# Thinking of Drving for Uber in Dallas?



## hhbb44 (Feb 25, 2016)

I am currently investigating driving for Uber in Dallas/Fort Worth. Possibly, both the delivery and regular people driver. I currently make $12.50/hour at my current full time(40 hours/week) job but want something more flexible because I want to attend college full time. Is it possible to make at least $400/week take home driving for Uber? Please give me your honest advice on real earning potential. What is the best days/hours to drive, etc. Thank you!


----------



## UberTaxPro (Oct 3, 2014)

hhbb44 said:


> I am currently investigating driving for Uber in Dallas/Fort Worth. Possibly, both the delivery and regular people driver. I currently make $12.50/hour at my current full time(40 hours/week) job but want something more flexible because I want to attend college full time. Is it possible to make at least $400/week take home driving for Uber? Please give me your honest advice on real earning potential. What is the best days/hours to drive, etc. Thank you!

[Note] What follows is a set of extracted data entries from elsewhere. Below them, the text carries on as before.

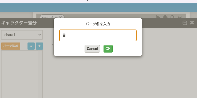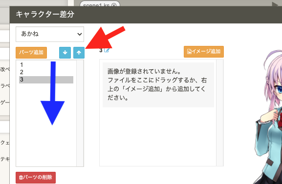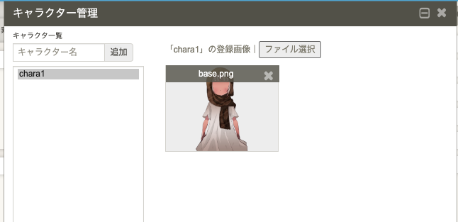 つまり、差分として使用する場合、一番うしろに配置してほしい画像をキャラクター登録で配置します。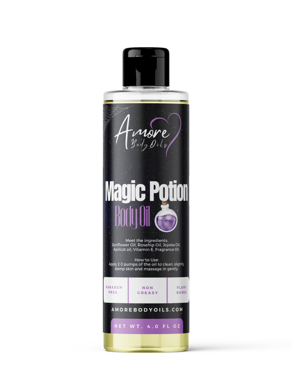 Unveil the magic of radiant, glowing skin with Magic Potion Body Oil from Amore Body Oils. This luxurious, plant-based formula is crafted with a nourishing blend of Sunflower Oil, Rosehip Oil, Jojoba Oil, Apricot Oil, and Vitamin E to deeply moisturize and soften while leaving your skin silky-smooth and non-greasy.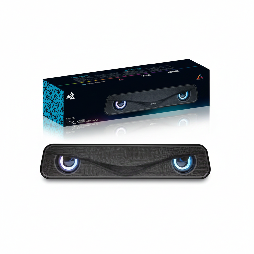 Esta caixa de som Bluetooth tem um design que realmente chama a atenção, parecendo um par de "olhos" futuristas com iluminação LED. É um produto focado no público gamer e em quem busca um visual moderno para o setup.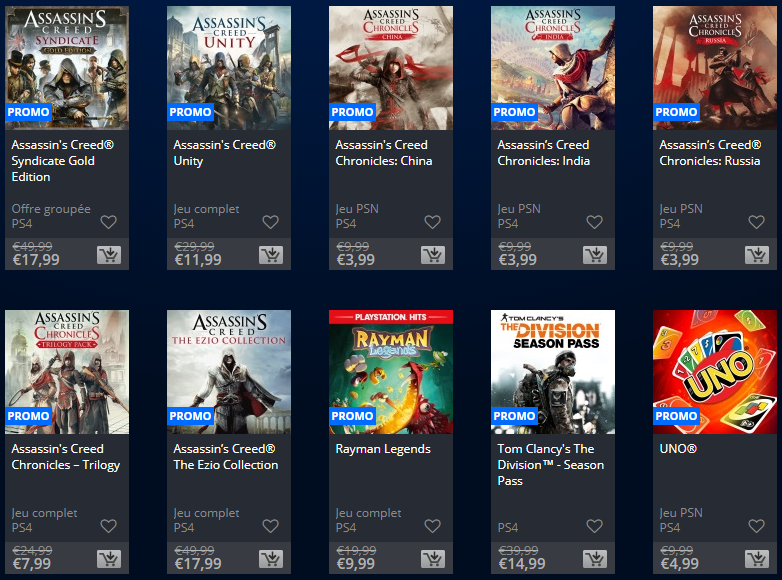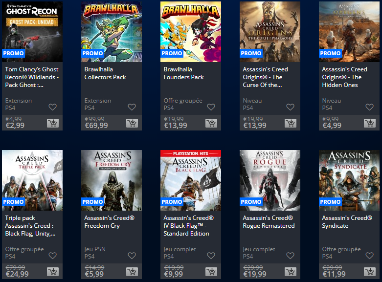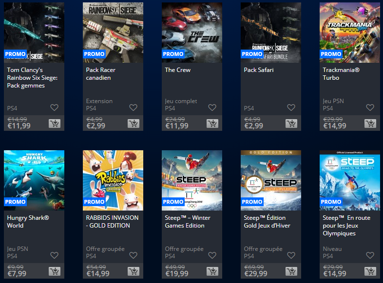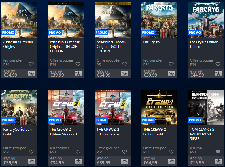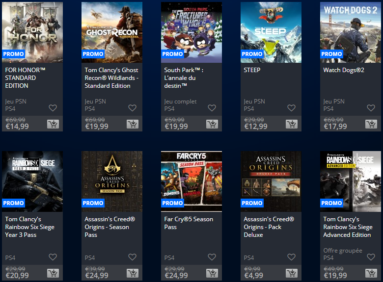 Pour ceux qui auraient loupé l’information, sachez qu’il vous est possible de bénéficier jusqu’à 60 % de réductions sur des jeux et extensions Ubisoft via le PlayStation Store. Assassin’s Creed Origins se retrouve à 34.99 €, The Crew 2 à 34.99 € ou encore Steep à 12.99 €. Voici sans plus tarder la liste complète des réductions proposées.

Your're better off staying at your job if possible. Maybe do uber part time if you must. Keep your job and try it before jumping in full time. It's not easy money as uber would have you believe. Do some more reading on here and you'll quickly see the down side of uber driving. There is no security with uber. You can be kicked out for a number of different reasons that you have no control over. Ratings, price drops by uber, car accidents etc.. can kill you and leave you without any income if your doing this full time. No benefits and no unemployment available as driving for uber is in reality running your own business. Be prepared for being self employed.


----------



## Bill Collector (Dec 17, 2015)

I'm in similar situation... January's pay was around $7.48/hr and currently the average is at $10.50/hr..... And for that I had to literally work my but off. Plus you'll add some serious miles on your car.


----------



## secretadmirer (Jul 19, 2015)

Definitely keep your job as ubertaxpro mentioned. My suggestion if you want to driver uberx, run the direction! RUn FAst Run far. Dallas is under $1/mle. If you do elect to drive, I would suggest only doing surges.


----------



## Older Chauffeur (Oct 16, 2014)

Nobody addressed your desire to go to college full time. That would be difficult to do even with Uber. I would join with those suggesting that you stay with your paid job, and settle for a lighter college class load, maybe taking online classes. Good luck.


----------